Minimizing the number of points is crucial for estimating the relative pose of a camera, as this significantly reduces computational complexity, minimizes processing time, and fulfills the real-time demands of practical applications. To further reduce the number of feature points required for pose estimation, some scholars use IMUs. In [9], a method that uses IMUs was proposed. Using this method, the relative camera pose between two images can be solved with just three corresponding points. Fraundorfer et al. simplified traditional methods by using two known orientation angles, deriving three-point, four-point, and five-point algorithms [13]. Other scholars aligned one axis of the camera (e.g., the y-axis) with a common reference direction (e.g., the gravity vector), thereby reducing the degrees of freedom in camera pose estimation [14,15,16,17]. Marcus et al. proposed a method for estimating the full three-dimensional orientation of a camera using IMU data [32]. The authors of [32] analyzed IMU drift based on the slight variation in IMU drift biases, verifying that the observed biases can be compensated for in the remaining part of the sequence; by using IMU data, the system’s rotation angles (pitch, roll, yaw) could be obtained, subsequently allowing them to derive the relative rotation matrix R of the camera. Therefore, when the camera has an unknown and fixed focal length, determining the focal length and the relative translation vector requires only three pairs of corresponding points.

Our method is based on the research presented in [32]. Firstly, we securely integrated the camera and IMU to utilize the IMU for calculating the camera’s rotation angles. We referred to the method proposed by Savage [33], using the raw data observed by the IMU, and integrated them according to the navigation differential equations to calculate the IMU’s relative attitude information by integrating the angular velocity measured by the gyroscope. Because the IMU was rigidly attached to the camera, we used the rotation angles provided by the IMU along with the pre-calibrated relative position between the IMU and the camera to calculate the camera’s rotation matrix. Based on these conditions, we propose an algorithm and present a computational model for estimating the focal length and translation vector of a camera with unknown focal length (including both fixed and different focal lengths) under different motion conditions (random or planar motion). An overview of the different cases can be seen in Table 1. The solver for camera focal length was determined using Gröbner basis theory [34,35]. Finally, we validated the algorithm’s performance using both simulated and real data, comparing it against other classical algorithms.

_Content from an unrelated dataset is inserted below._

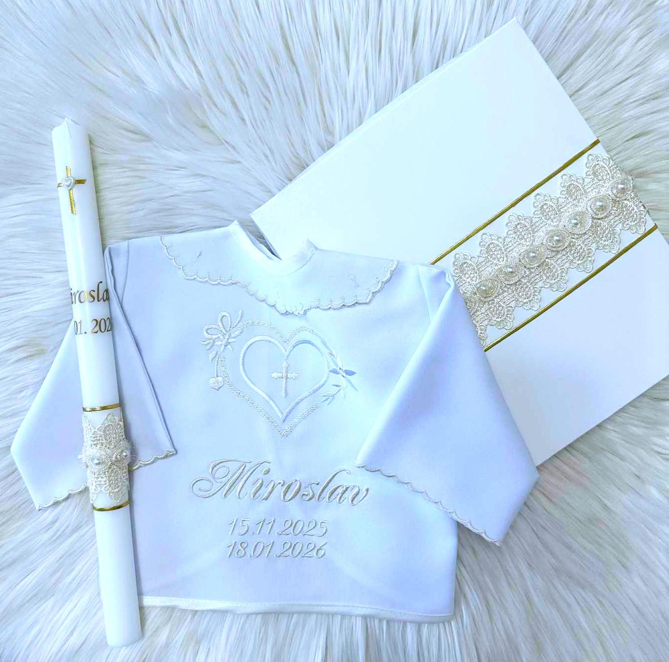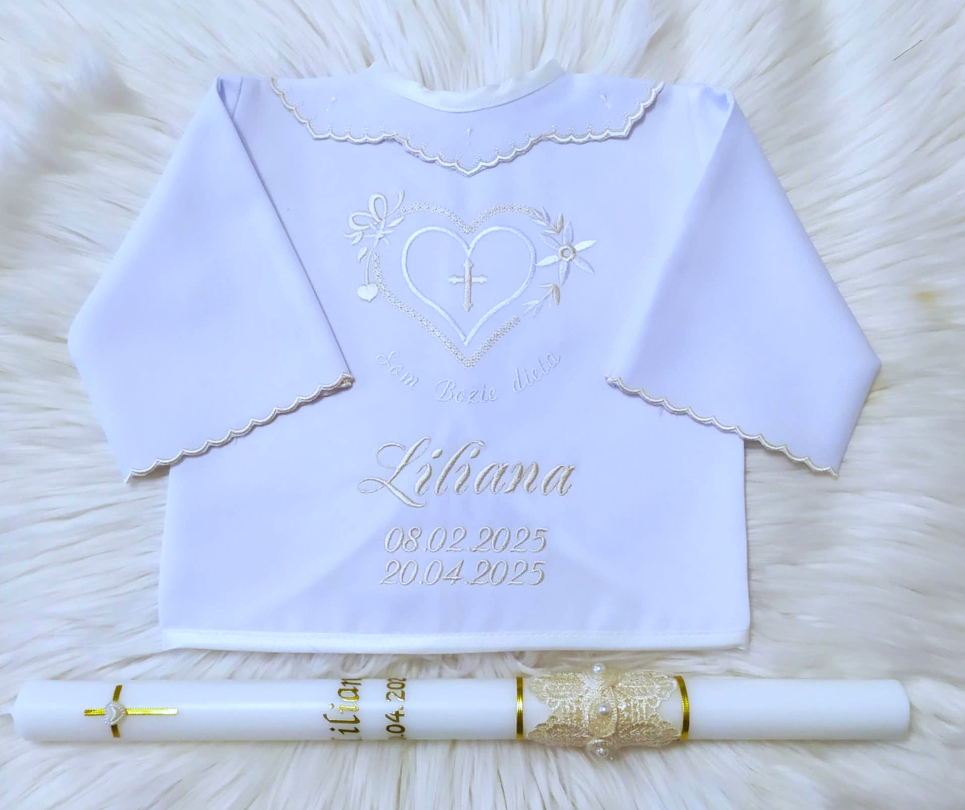 Košieľka na krst s menom – biela ívory

3. Minimal Solution Solver

At present, most cameras feature square pixels, and the principal point coincides with the image center. Hence, we can obtain

{K_{1}}^{- 1} = diag (1, 1, f_{1}),

(1)

{K_{2}}^{- 1} = diag (1, 1, f_{2}),

(2)

where f₁ and f₂ are the reciprocals of the camera focal length of the first and second cameras, respectively; K₁ and K₂ are the camera intrinsic matrices of the first and second cameras, respectively.

The relative pose of cameras is commonly computed based on the epipolar constraint. As shown in Figure 1, two corresponding image feature points from a pair of images satisfy the following relationship:

p_{2}^{T} F p_{1} = 0,

(3)

where F is the fundamental matrix, and

p_{1}

and

p_{2}

are pixel coordinates of feature points. In Figure 1, P denotes a feature point on the object, O₁ and O₂ represent the camera center, e₁ and e₂ indicate the epipoles, and l₁ and l₂ represent the epipolar lines.

The relationship between the fundamental matrix F and the essential matrix E can be expressed as

F = {K_{2}}^{- T} E {K_{1}}^{- 1},

(4)

where K₁ and K₂ are the camera intrinsic matrices of the first and second cameras.

3.1. Different and Unknown Focal Lengths

In this section, two solvers are proposed for estimating the focal length and the relative pose when the focal length is unknown and variable, based on epipolar constraints. Additionally, a degenerate model is also provided for the scenario wherein the camera undergoes planar motion.

3.1.1. Random Motion Model

When the camera undergoes random motion, the translation vector is given by

t = [\begin{matrix} t_{x} \\ t_{y} \\ t_{z} \end{matrix}] .

(5)

Then, we can obtain the essential matrix as follows:

E = {[t]}_{\times} R,

(6)

where R is the relative rotation matrix, and

{[t]}_{\times}

is the antisymmetric matrix of t. For cameras with different and unknown focal lengths, their essential matrix is shown in Equation (4).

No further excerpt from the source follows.